Your assignment | Only the lines below starting at the one that contains "Basketball Court Yellow" and ending at the one that contains "구체성도 미흡합니다. |" are to be reproduced, exactly and with both ends kept.

Dataset |

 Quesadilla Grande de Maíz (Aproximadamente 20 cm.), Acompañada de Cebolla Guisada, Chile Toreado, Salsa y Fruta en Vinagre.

...

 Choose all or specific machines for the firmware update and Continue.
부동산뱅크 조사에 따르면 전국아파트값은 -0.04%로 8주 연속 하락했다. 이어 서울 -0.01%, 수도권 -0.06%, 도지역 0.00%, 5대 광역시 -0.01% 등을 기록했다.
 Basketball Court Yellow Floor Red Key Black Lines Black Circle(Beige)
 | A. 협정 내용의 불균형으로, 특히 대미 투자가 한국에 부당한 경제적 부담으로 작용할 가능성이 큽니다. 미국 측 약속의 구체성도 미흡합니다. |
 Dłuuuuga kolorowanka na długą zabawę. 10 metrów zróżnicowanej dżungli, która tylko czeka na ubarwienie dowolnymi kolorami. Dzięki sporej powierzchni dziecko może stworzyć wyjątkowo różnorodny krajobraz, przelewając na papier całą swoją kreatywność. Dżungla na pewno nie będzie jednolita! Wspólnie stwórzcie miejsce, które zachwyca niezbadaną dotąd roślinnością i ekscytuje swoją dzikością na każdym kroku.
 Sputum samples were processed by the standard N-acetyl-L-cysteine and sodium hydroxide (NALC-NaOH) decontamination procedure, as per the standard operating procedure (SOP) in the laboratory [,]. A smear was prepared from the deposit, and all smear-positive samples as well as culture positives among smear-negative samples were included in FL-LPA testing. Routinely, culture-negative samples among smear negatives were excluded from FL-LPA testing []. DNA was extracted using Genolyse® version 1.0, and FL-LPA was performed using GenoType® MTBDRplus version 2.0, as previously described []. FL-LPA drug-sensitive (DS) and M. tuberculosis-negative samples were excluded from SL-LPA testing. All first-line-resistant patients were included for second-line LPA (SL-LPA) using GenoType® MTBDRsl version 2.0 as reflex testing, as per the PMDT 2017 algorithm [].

Task result |
 Basketball Court Yellow Floor Red Key Black Lines Black Circle(Beige)
 | A. 협정 내용의 불균형으로, 특히 대미 투자가 한국에 부당한 경제적 부담으로 작용할 가능성이 큽니다. 미국 측 약속의 구체성도 미흡합니다. |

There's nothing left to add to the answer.